*** Supplied material Section Begins ***

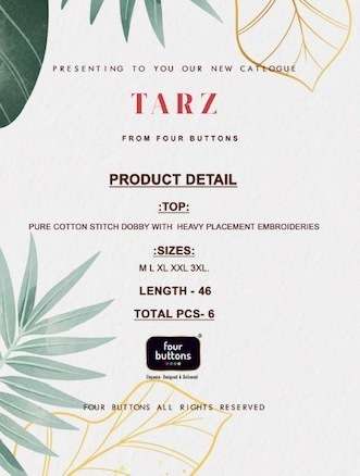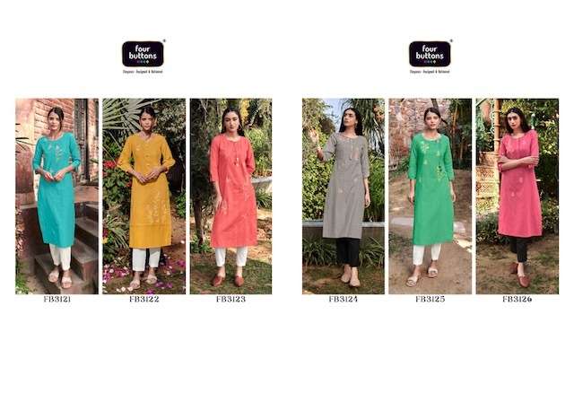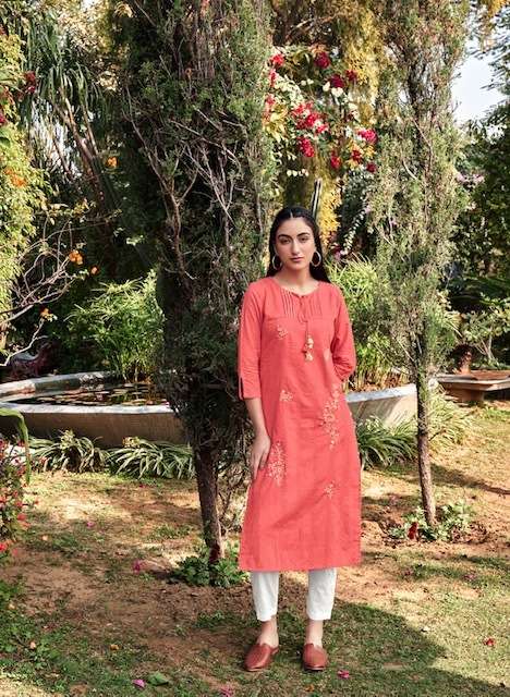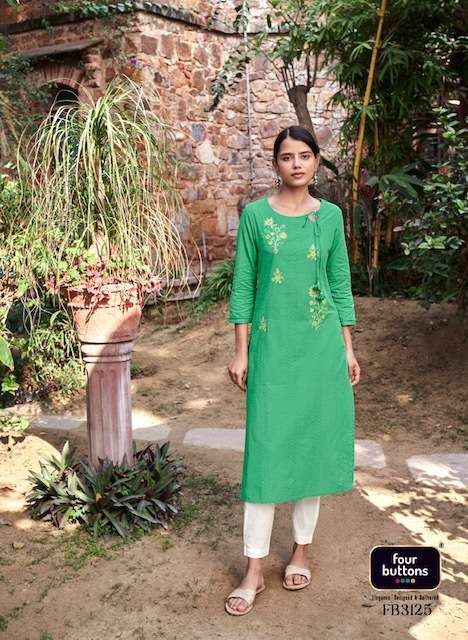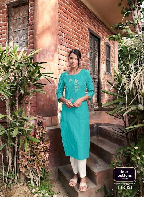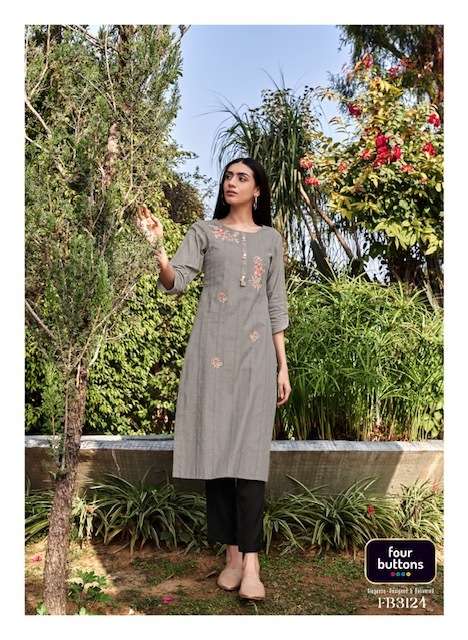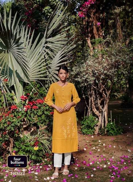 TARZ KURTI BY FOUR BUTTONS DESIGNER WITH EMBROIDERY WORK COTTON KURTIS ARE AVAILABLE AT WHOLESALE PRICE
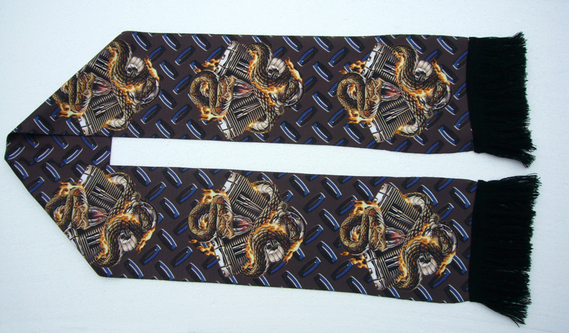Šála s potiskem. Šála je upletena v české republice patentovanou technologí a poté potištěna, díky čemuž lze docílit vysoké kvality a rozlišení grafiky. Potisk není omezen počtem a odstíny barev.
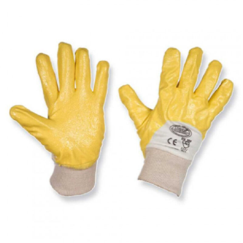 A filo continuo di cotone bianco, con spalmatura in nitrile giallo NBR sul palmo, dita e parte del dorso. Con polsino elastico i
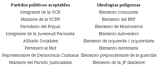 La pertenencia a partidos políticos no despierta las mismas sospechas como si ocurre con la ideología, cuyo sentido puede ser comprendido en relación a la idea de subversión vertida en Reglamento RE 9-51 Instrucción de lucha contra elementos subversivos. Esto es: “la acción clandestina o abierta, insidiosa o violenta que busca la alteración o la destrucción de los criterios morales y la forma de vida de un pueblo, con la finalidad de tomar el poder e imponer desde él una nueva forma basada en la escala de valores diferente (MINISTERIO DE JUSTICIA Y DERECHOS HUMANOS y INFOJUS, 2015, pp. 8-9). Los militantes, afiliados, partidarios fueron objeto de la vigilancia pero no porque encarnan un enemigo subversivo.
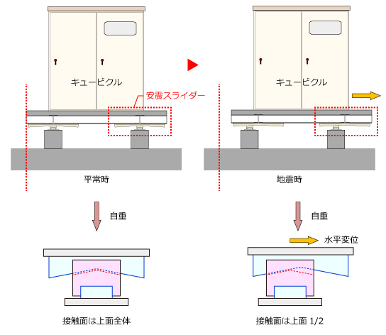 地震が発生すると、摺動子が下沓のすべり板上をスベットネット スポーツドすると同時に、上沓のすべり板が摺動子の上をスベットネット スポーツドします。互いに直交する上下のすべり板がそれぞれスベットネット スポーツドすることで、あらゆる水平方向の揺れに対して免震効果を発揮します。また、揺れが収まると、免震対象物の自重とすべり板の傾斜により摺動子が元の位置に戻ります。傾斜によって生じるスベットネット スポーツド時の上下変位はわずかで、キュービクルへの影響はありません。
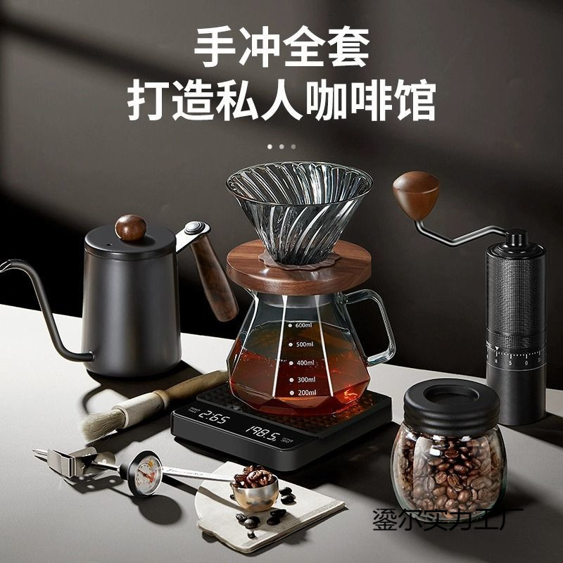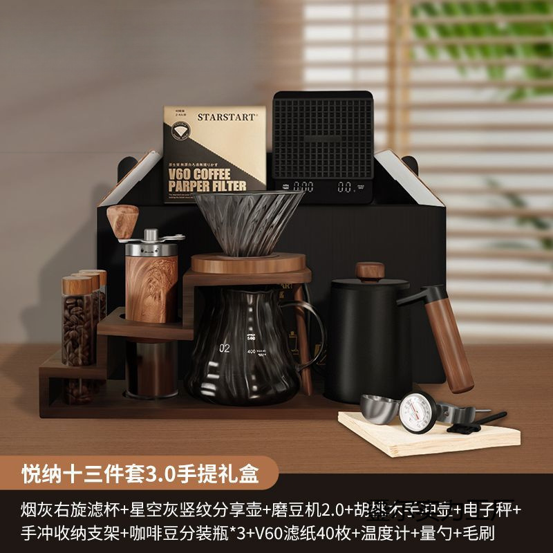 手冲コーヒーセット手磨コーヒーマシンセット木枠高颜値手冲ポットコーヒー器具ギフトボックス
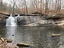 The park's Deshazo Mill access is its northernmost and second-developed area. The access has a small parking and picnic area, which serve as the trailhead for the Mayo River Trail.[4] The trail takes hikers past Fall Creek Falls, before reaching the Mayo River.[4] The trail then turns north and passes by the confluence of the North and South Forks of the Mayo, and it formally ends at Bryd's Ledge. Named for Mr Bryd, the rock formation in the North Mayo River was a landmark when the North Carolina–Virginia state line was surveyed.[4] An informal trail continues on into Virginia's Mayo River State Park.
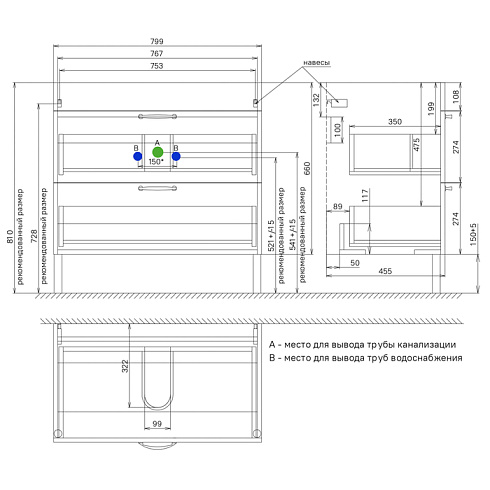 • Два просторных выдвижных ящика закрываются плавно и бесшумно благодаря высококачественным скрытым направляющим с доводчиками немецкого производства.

*** Supplied material Section Ends ***

Exercise description
Leave out any pictures and return exactly the lines from the beginning of the data through the line with "A filo continuo", inclusive.

Task solution
 TARZ KURTI BY FOUR BUTTONS DESIGNER WITH EMBROIDERY WORK COTTON KURTIS ARE AVAILABLE AT WHOLESALE PRICE
Šála s potiskem. Šála je upletena v české republice patentovanou technologí a poté potištěna, díky čemuž lze docílit vysoké kvality a rozlišení grafiky. Potisk není omezen počtem a odstíny barev.
 A filo continuo di cotone bianco, con spalmatura in nitrile giallo NBR sul palmo, dita e parte del dorso. Con polsino elastico i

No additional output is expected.